Moeldoko: Jangan Termakan Opini yang Ingin Lemahkan BPIP. Ditanya Soal Gaji: "Itu jangan saya yang menjawab, Menteri Keuangan..."


Kepala Staf Kepresidenan Republik Indonesia, Jenderal TNI Moeldoko ikut mengomentari polemi gaji para petinggi Badan Pembinaan Ideologi Pancasila (BPIP). Terlepas dari besaran gaji petinggi BPIP, Moeldoko menilai BPIP diperlukan untuk menangkal ancaman radikalisme yang merongrong bangsa ini.

"Jangan termakan opini-opini lain yang diduga ada upaya-upaya tertentu untuk melemahkan lembaga ini agar tidak berfungsi dengan baik," kata Moeldoko, di Bandung, Selasa (29/5).

Moeldoko enggan berkomentar lebih lanjut mengenai polemik besaran gaji pemimpin, pejabat, dan pegawai BPIP yang mencapai puluhan juta hingga ratusan juta rupiah. Ia meminta publik tidak terus resisten terhadap eksistensi BPIP.

"Kalau yang jadi pertimbangannya itu besaran gaji, saya pikir ada standarnya. Itu jangan saya yang menjawab, Menteri Keuangan mungkin mempunyai standar. Saya enggak mau jawab," kata dia.

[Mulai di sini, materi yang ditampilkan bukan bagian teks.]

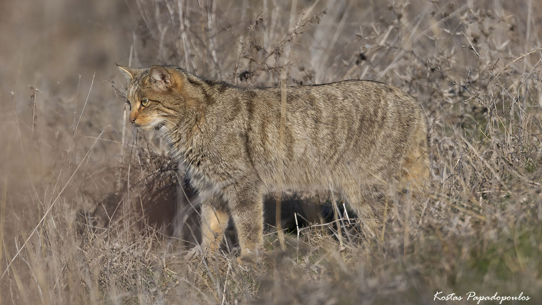 Εναν αγριόγατο απαθανάτισε ο φωτογραφικός φακός στη λίμνη Κερκίνη, κατά τη διάρκεια απογραφής υδρόβιων πουλιών.

Justru saya selaku Kepala Staf Kepresidenan, Moeldoko berusaha beberapa kali pertemuan Kepala BPIP Yudi Latif untuk membicarakan bagaimana mengarustamakan Pancasila. Dia menuturkan, BPIP strategis karena dipandang mampu melakukan pengarustamaan ideologi Pancasila kepada masyarakat melalui upaya sosialisasi dan pihaknya pun sempat membicarakan upaya pengarustamaan Pancasila ini dengan baik melalui media.

"Jadi BPIP itu kalau masyarakat lagi kering persoalan-persoalan ideologi, ancaman radikalisme semakin tinggi, saya rasa BPIP itu sangat diperlukan," kata Moeldoko.

Dikutip dari Perpres 42/2018 yang diunduh dari laman setneg.go.id, diketahui gaji Ketua Dewan Pengarah BPIP yang dijabat Megawati Soekarnoputri mencapai Rp 112.548.000 per bulan. Jajaran anggota dewan pengarah masing-masing mendapatkan Rp 100.811.000 per bulan.